### Raw data
____________________

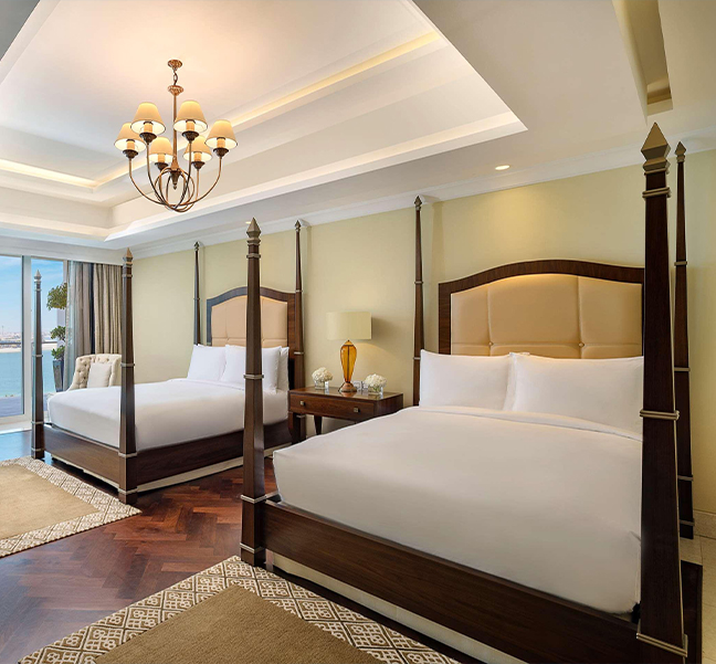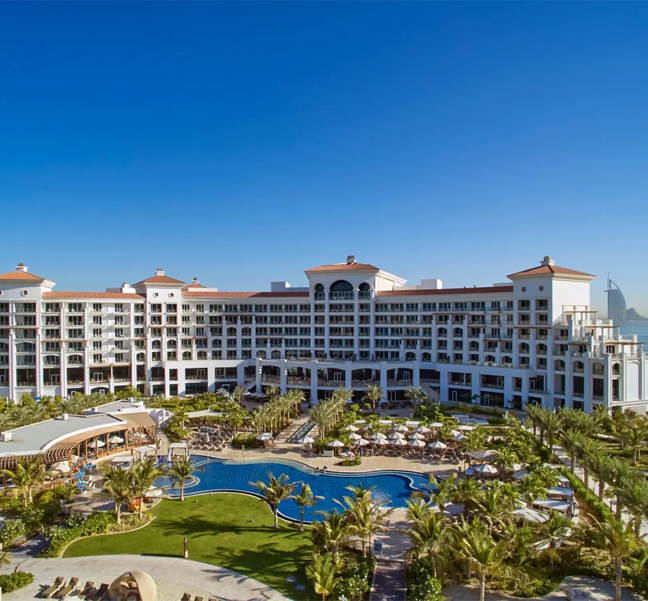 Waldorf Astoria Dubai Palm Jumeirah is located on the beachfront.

____________________

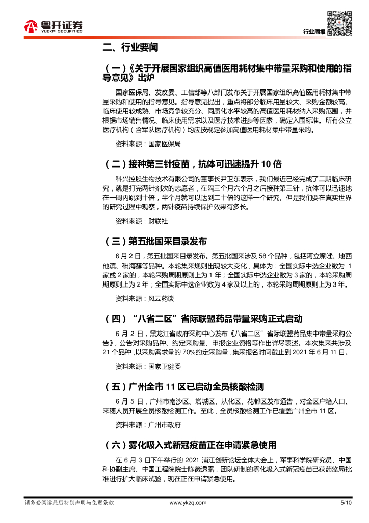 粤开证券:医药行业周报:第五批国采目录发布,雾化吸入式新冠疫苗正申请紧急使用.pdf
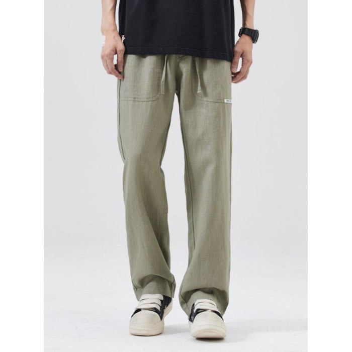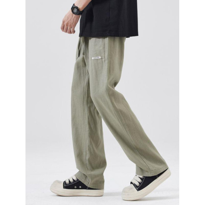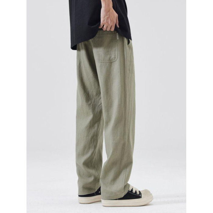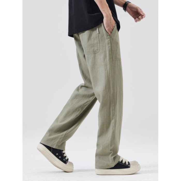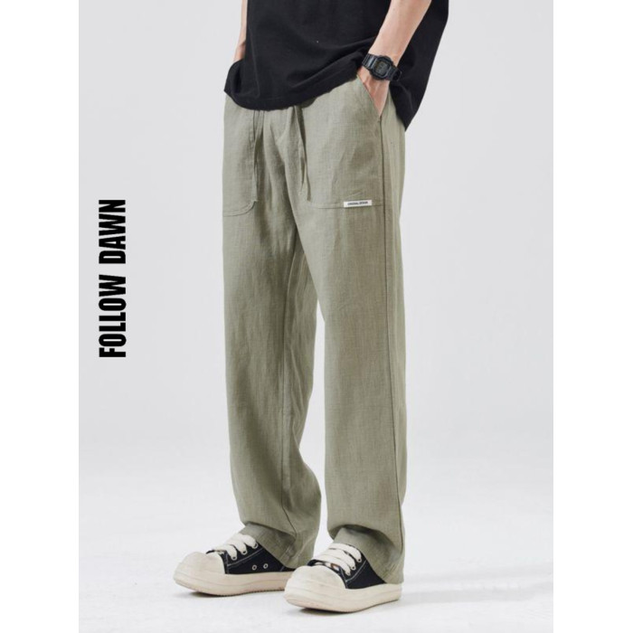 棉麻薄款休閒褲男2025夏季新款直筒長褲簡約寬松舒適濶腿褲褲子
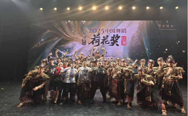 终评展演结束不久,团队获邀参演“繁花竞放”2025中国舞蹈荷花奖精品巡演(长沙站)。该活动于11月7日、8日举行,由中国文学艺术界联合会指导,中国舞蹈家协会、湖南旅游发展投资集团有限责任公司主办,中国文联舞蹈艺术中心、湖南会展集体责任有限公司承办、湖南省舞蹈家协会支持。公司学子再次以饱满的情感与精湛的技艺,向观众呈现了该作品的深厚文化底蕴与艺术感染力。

____________________

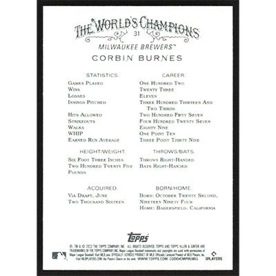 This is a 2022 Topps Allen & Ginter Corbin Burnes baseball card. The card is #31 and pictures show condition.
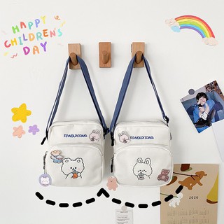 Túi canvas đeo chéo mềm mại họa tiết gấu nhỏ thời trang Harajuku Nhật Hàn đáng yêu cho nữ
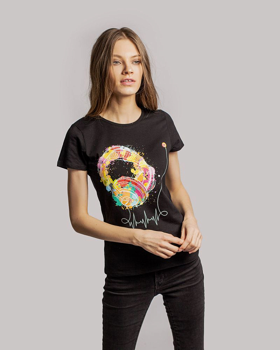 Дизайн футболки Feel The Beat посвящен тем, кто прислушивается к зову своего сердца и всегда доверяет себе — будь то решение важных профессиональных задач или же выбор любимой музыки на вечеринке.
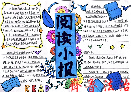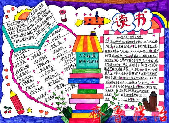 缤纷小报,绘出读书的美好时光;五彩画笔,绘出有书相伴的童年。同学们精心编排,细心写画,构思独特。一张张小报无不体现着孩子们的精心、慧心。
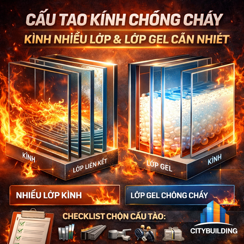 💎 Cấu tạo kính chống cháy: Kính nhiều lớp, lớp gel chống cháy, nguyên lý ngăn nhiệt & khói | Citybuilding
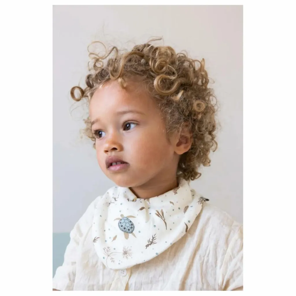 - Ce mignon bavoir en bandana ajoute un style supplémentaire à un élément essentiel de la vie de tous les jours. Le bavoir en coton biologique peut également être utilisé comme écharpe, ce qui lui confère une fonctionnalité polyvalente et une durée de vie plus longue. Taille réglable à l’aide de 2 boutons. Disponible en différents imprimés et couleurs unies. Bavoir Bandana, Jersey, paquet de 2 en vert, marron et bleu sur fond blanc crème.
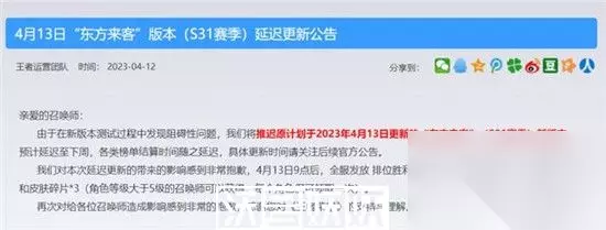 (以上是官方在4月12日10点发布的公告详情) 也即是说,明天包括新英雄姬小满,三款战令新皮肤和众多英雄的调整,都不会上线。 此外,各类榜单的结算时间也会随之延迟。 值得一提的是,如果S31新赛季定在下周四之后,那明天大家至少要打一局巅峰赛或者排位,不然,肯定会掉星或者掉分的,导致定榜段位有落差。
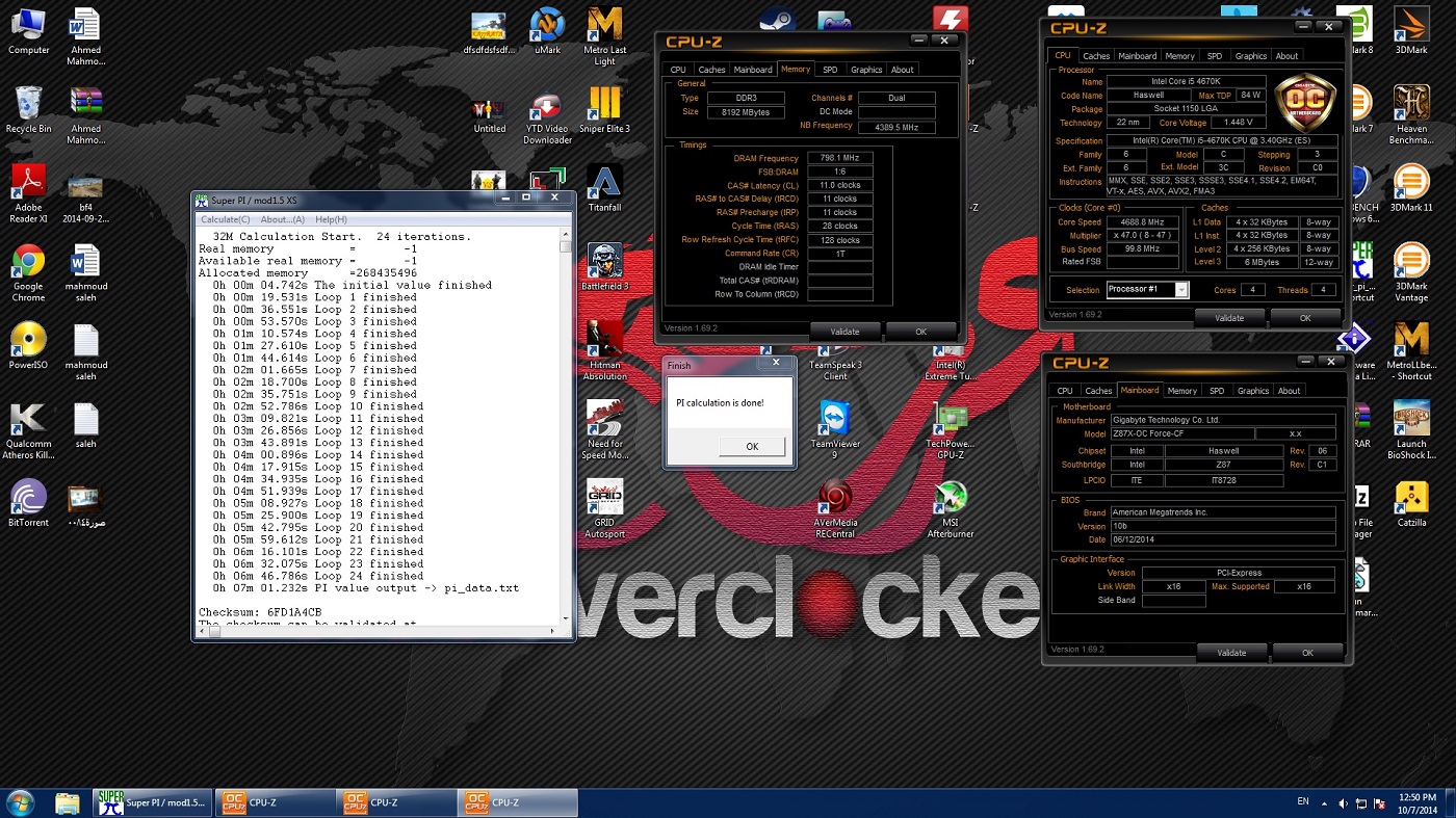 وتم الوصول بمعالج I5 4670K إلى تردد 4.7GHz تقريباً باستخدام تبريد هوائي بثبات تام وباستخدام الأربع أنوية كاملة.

____________________

### About this task
All lines above from the one containing "Дизайн футболки Feel" up to and including the one containing "khói | Citybuilding" are to be set down exactly, and nothing else. Leave images out.

### Answer below
 Дизайн футболки Feel The Beat посвящен тем, кто прислушивается к зову своего сердца и всегда доверяет себе — будь то решение важных профессиональных задач или же выбор любимой музыки на вечеринке.
 缤纷小报,绘出读书的美好时光;五彩画笔,绘出有书相伴的童年。同学们精心编排,细心写画,构思独特。一张张小报无不体现着孩子们的精心、慧心。
 💎 Cấu tạo kính chống cháy: Kính nhiều lớp, lớp gel chống cháy, nguyên lý ngăn nhiệt & khói | Citybuilding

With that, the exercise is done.